When Thomas Davies and Cathy Davies and John Davies walk along the edge of the field and step on to the road, the backs of their coats covered with snow, the vanguard of the villagers stops without a sound. For once in their lives, nobody manages to utter a word, not even Sarah Hamilton. They nod and bow silently to Thomas, who raises his hat.

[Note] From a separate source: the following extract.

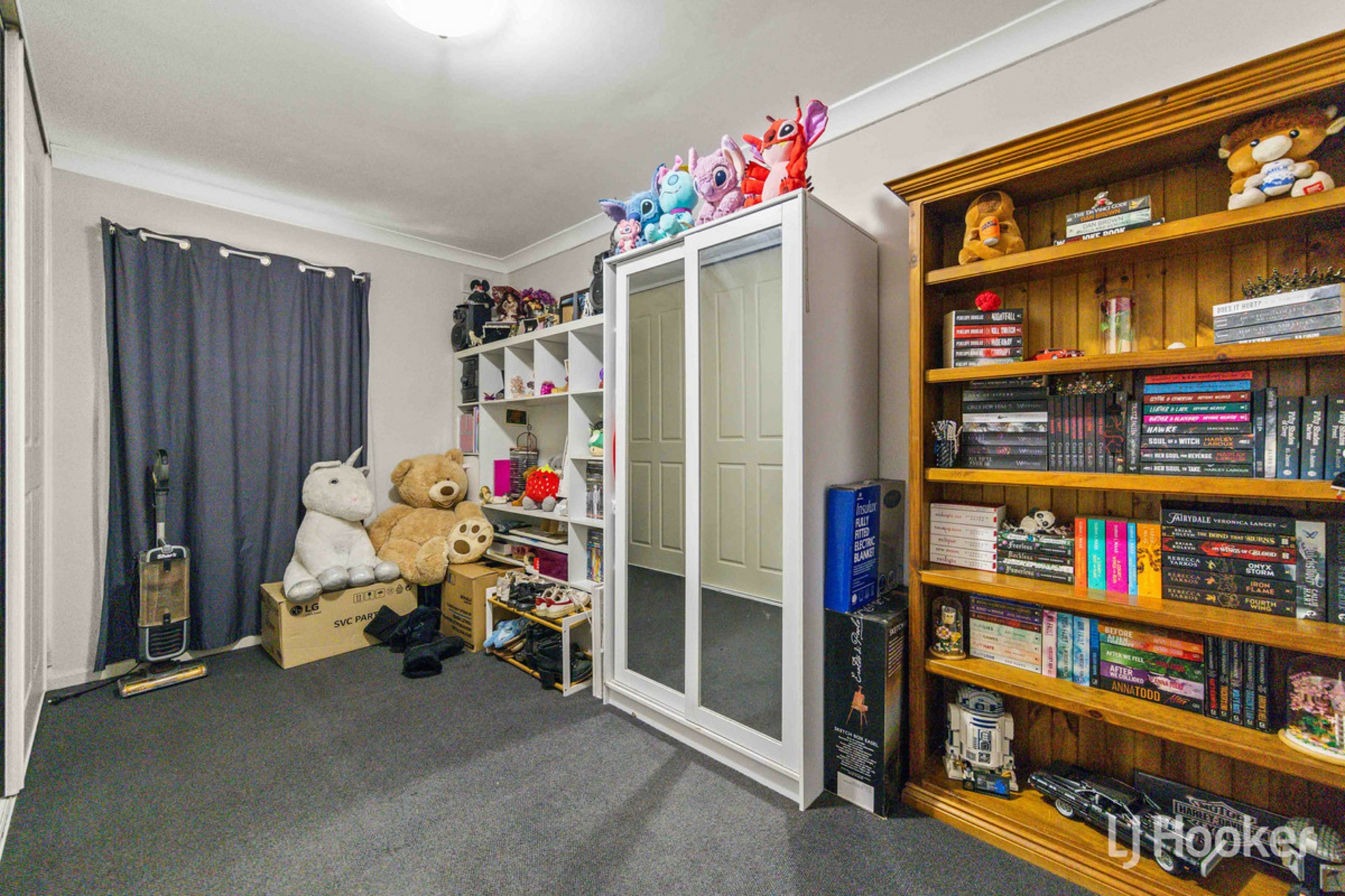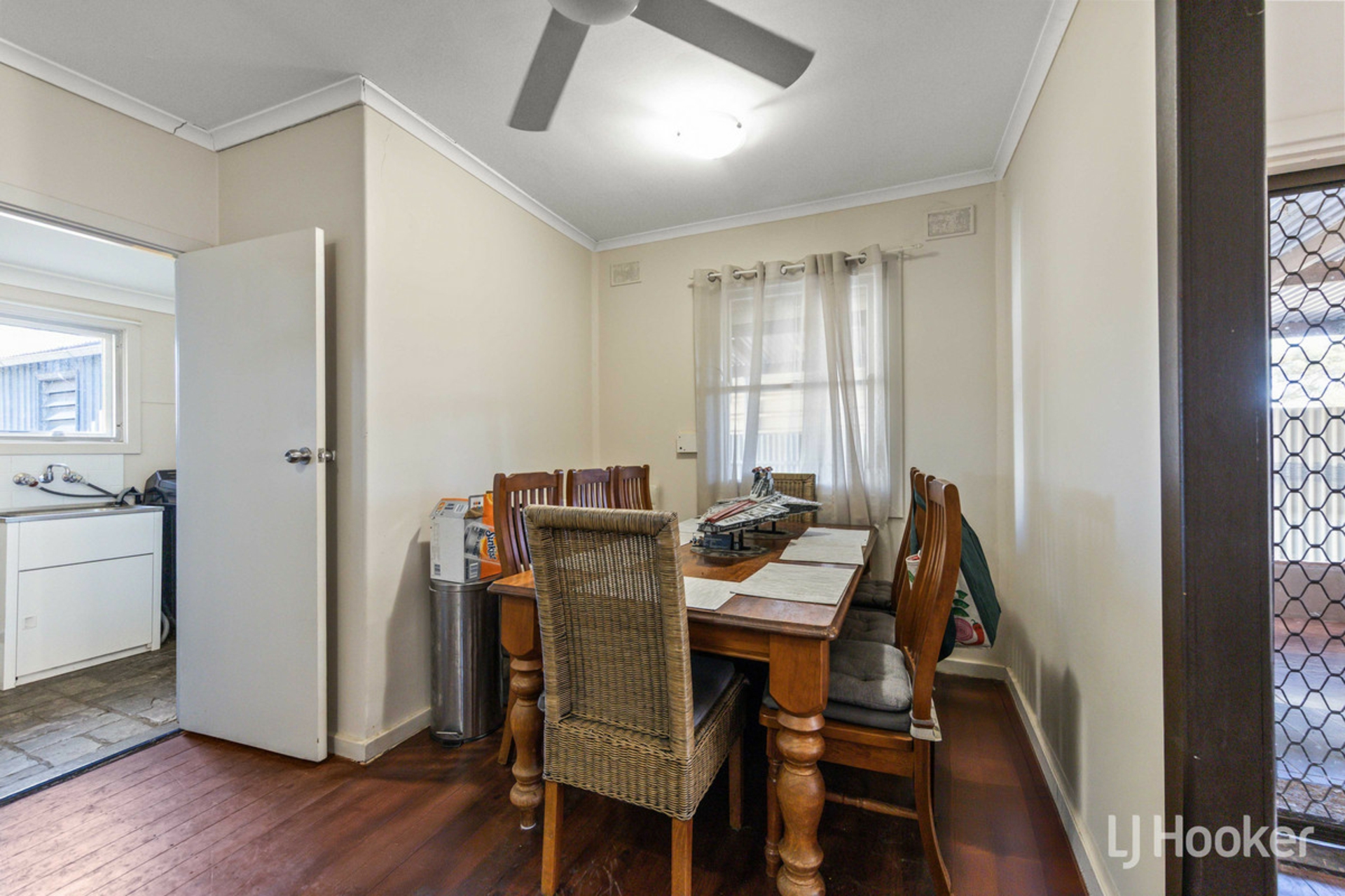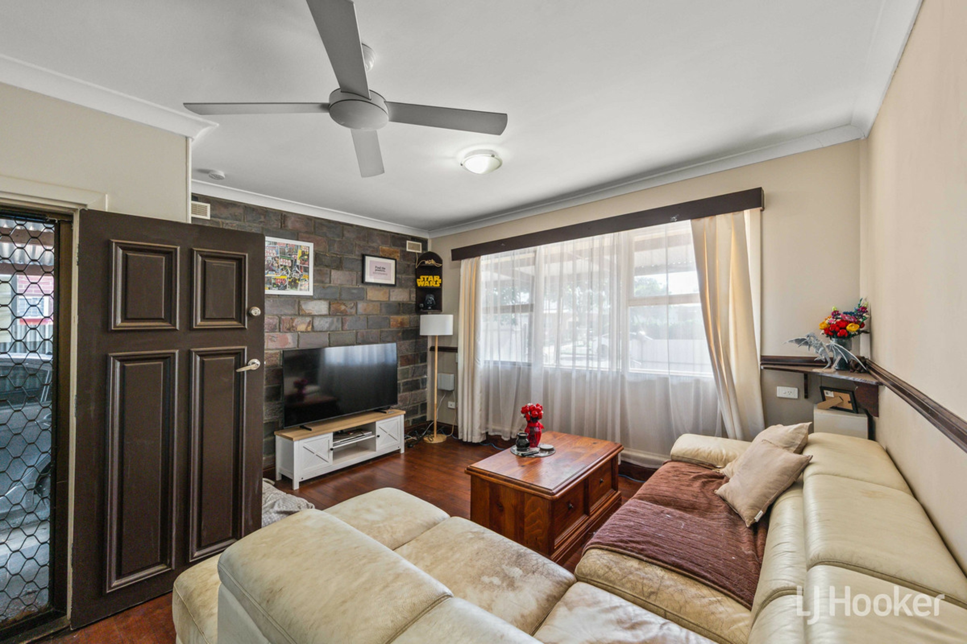As you step beyond the front fence, you are welcomed by low maintenance gardens and a charming porch flowing off the carport. Inside, the spacious family room creates a warm and inviting atmosphere, complete with a ceiling fan, slate stone feature wall, and floorboards.

They stand on the road in their dark clothes, as the sparse, bluish light of the winter day changes to twilight and the damp flakes of the ever-denser snowfall soak damply into woollen cloth, and make hair and faces wet. They are not good people and they are not bad people. They shift their feet in the slush, ashamed and abashed. Nobody speaks, but inside his coat, each is just as alone as Thomas Davies, who stood on the slope with his mouth agape during service. Melancholy has invaded their minds, but you cannot wring a soul dry like a handkerchief. Each feels the weight of his own sorrows and wishes and yearnings. The burden cannot be lowered on to a neighbour’s shoulders. Nor do prayers rise in snowfall, in the dark, under a low-lying sky. As they stand on the road, motionless, silent, wet and freezing, they feel that despair is not the hardest thing in life – the absence of hope is.

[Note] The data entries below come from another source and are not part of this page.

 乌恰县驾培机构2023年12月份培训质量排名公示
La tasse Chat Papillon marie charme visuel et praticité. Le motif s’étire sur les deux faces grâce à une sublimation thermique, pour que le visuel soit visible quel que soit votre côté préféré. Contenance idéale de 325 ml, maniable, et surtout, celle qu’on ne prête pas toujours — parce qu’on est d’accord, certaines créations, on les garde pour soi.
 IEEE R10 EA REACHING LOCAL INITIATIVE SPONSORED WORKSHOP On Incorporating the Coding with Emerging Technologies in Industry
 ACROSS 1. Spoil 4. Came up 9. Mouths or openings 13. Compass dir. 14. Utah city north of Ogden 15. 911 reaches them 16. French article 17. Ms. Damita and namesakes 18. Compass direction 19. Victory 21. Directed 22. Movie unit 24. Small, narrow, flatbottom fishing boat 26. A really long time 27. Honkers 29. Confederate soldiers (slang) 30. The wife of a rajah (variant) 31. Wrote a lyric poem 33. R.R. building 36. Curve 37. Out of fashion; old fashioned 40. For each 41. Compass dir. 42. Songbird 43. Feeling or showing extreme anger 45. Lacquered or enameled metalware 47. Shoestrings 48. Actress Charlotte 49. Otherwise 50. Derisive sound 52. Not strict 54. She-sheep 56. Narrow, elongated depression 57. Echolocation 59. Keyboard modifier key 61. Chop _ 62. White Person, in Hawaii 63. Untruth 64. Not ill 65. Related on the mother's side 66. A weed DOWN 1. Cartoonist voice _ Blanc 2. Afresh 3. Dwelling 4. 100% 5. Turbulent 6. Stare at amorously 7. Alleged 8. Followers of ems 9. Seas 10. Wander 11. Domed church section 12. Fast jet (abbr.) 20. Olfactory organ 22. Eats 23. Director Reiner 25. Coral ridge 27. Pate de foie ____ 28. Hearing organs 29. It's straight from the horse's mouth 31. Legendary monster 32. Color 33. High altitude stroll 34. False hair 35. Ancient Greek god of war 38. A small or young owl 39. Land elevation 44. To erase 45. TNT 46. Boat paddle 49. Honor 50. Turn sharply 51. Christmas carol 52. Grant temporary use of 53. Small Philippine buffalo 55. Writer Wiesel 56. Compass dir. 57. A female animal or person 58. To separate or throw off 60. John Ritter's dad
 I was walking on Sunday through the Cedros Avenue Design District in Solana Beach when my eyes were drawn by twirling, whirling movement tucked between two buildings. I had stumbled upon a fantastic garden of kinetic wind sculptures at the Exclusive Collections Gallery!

Someone lights a lantern and the flickering flame illuminates the snowfall as the crowd disperses into figures that vanish, shadow-like, through the doors of the houses, each into the light of his own home and into his own life, which, after a brief, quiet moment, continues its course.
In Spring
…but the earth hath he given to the children of men.
—PSALMS 115:16
The sun climbs higher and banishes the coolness of the night from ditches and furrows.
Under trees, squills push dry leaves out of their way and thin-stemmed bells cover the forest floor with blue. Bright lawns bloom with narcissi, hundreds, thousands of narcissi. The bright yellow trumpets, the orange bowls and discs of their corollas, turn towards the sun and spread their scent in the air.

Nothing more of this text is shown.